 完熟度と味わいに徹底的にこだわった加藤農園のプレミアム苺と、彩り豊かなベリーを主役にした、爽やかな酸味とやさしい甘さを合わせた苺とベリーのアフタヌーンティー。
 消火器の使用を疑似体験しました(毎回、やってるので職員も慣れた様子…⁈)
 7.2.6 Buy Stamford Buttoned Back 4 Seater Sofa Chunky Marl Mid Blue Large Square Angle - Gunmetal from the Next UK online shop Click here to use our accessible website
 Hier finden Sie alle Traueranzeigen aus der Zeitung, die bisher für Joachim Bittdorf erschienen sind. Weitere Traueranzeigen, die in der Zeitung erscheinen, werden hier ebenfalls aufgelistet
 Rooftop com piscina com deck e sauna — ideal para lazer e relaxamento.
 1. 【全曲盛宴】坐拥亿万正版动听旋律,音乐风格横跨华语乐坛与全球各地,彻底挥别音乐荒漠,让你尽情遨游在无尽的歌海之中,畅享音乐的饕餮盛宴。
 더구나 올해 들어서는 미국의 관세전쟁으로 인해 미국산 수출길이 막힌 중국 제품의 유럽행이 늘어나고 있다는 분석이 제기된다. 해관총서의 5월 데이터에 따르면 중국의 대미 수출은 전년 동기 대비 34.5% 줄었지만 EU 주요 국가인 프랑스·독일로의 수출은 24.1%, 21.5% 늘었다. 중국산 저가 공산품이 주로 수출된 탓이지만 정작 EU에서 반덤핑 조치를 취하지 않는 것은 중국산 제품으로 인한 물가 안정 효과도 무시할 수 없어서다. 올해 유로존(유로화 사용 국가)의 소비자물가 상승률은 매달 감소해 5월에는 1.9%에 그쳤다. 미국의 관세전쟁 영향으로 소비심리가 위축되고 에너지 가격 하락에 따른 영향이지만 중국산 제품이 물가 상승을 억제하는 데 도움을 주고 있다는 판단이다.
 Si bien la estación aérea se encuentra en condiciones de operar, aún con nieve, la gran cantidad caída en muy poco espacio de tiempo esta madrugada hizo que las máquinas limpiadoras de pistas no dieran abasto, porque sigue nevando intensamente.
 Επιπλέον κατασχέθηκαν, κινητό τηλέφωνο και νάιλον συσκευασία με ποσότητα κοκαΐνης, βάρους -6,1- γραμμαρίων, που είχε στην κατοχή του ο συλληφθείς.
-*-*-
§ Problem description
Retype the material word for word. Add nothing to it.

§ Task output
 完熟度と味わいに徹底的にこだわった加藤農園のプレミアム苺と、彩り豊かなベリーを主役にした、爽やかな酸味とやさしい甘さを合わせた苺とベリーのアフタヌーンティー。
 消火器の使用を疑似体験しました(毎回、やってるので職員も慣れた様子…⁈)
 7.2.6 Buy Stamford Buttoned Back 4 Seater Sofa Chunky Marl Mid Blue Large Square Angle - Gunmetal from the Next UK online shop Click here to use our accessible website
 Hier finden Sie alle Traueranzeigen aus der Zeitung, die bisher für Joachim Bittdorf erschienen sind. Weitere Traueranzeigen, die in der Zeitung erscheinen, werden hier ebenfalls aufgelistet
 Rooftop com piscina com deck e sauna — ideal para lazer e relaxamento.
 1. 【全曲盛宴】坐拥亿万正版动听旋律,音乐风格横跨华语乐坛与全球各地,彻底挥别音乐荒漠,让你尽情遨游在无尽的歌海之中,畅享音乐的饕餮盛宴。
 더구나 올해 들어서는 미국의 관세전쟁으로 인해 미국산 수출길이 막힌 중국 제품의 유럽행이 늘어나고 있다는 분석이 제기된다. 해관총서의 5월 데이터에 따르면 중국의 대미 수출은 전년 동기 대비 34.5% 줄었지만 EU 주요 국가인 프랑스·독일로의 수출은 24.1%, 21.5% 늘었다. 중국산 저가 공산품이 주로 수출된 탓이지만 정작 EU에서 반덤핑 조치를 취하지 않는 것은 중국산 제품으로 인한 물가 안정 효과도 무시할 수 없어서다. 올해 유로존(유로화 사용 국가)의 소비자물가 상승률은 매달 감소해 5월에는 1.9%에 그쳤다. 미국의 관세전쟁 영향으로 소비심리가 위축되고 에너지 가격 하락에 따른 영향이지만 중국산 제품이 물가 상승을 억제하는 데 도움을 주고 있다는 판단이다.
 Si bien la estación aérea se encuentra en condiciones de operar, aún con nieve, la gran cantidad caída en muy poco espacio de tiempo esta madrugada hizo que las máquinas limpiadoras de pistas no dieran abasto, porque sigue nevando intensamente.
 Επιπλέον κατασχέθηκαν, κινητό τηλέφωνο και νάιλον συσκευασία με ποσότητα κοκαΐνης, βάρους -6,1- γραμμαρίων, που είχε στην κατοχή του ο συλληφθείς.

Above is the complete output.